Jun 052012
 

"Children from school No. 2 in the Italian district Terrace nr. GeneSt. Many of these children spend their summer vacations in the canning and fruit picking settlements where their parents go to work during the season." Feb. 8, 1910, Buffalo, N.Y. Photo by Lewis Wickes Hine. From the Library of Congress Prints and Photographs Division.

As you may have noticed, I missed posting entirely last week! I have not yet recapped April and May nor given you a theme for June.

I don’t know if that has ever happened before in my 2 years of blogging. There is nothing wrong just overly busy. Our home remodeling project has required more of my time than I was planning for and we then had to add on top of that several birthday parties, ballet rehearsals and life in general. It was just too much.

At this time of year, I imagine many parents are in the same boat. While one might imagine that having a summer “off” would be great and relaxing, in practice I don’t think very many parents have time to think in summer, much less relax. Why is it so busy?

For some parents it could be the adjustment to a new schedule. During the school year, things are certainly always busy but there is a predictable routine to it all. Now that school is out (or nearly out), simple things are about to change for many parents. For example, you might be used to making a quick grocery run sans kids in about 20 minutes. The same trip with children might take an hour. It takes more effort to clean and tidy the house when more people are about and more time needs to be spent preparing meals, doing laundry, and driving to activities. Summer vacations consume a lot of time, money and effort. Summer camps and classes do too.

In our homeschooling household, summer isn’t really time off but rather an important part of our academic year. It is one of the few times of year when homeschooled students have the opportunity to mix in with other children so for us that means extra effort to socialize and drive to activities and classes. It is also time to start planning curriculum for the fall.

So, after you tally up all the extra demands on your life, it’s no wonder things are busy in summer.

How can you reduce your stress in this situation?

Honestly, all I can answer here is that I don’t know and that if you find out, please tell me! Organization certainly helps but sometimes there isn’t even time to organize.
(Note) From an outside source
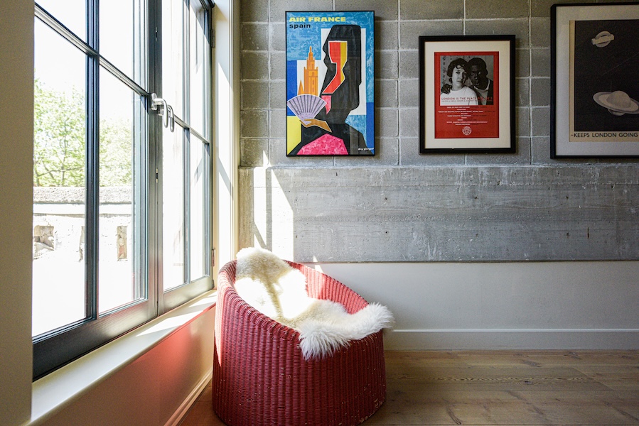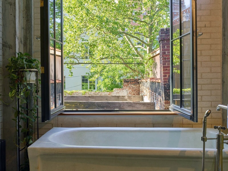 Downstairs you will find an open-plan living room which has a wood-burning fireplace, a large kitchen area with a central island that seats 4, and adjoining dining room – flooded with natural light from steel casement windows and skylight. Here, the steel doors open onto a private garden with 20′ high ivy-covered brick walls, planted flowerbeds, festoon lights, a picnic table + benches and a grill. The ground floor also has two office spaces and a powder room.

On this point, I am turning to a professional for help, namely Marcia Francois, whose new book Live Organised just came out.

This is on my June reading list. I bought Marcia’s book when she was offering a special promotion where you could get a copy of her eCourse “Break out of overhwhelm.” (If you didn’t know, Marcia is South African and I love her use of the English language.) If anyone needs to “Break out of overwhelm” right now, it is me!

So for June, on my blog I am going to cut myself a bit of slack. My blogging goals are to:

  • Post random odds and ends about things I am organizing in our life lately.
  • Finish up my gardening and summarize the garden-related posts from the last two months.
  • Read and review Marcia Francois’ book and eCourse.

Thank you for reading and sticking with me. Curiously, I think it might be helpful both to myself and to you to keep blogging during the busiest times of my life as that is the time when we really need to put our organizational strategies to the test.

Do you forecast a hectic or relaxed summer for yourself and/or your family? Please share in the comments.

 Posted by on June 5, 2012 General Tagged with: , ,

  One Response to “June’s Theme: The Lazy Days of Summer . . . NOT!”

  1. Sounds like a good plan. And you can change it if you need to. I am reading and listening to many sources about getting out from under being overwhelmed. Let’s all take care!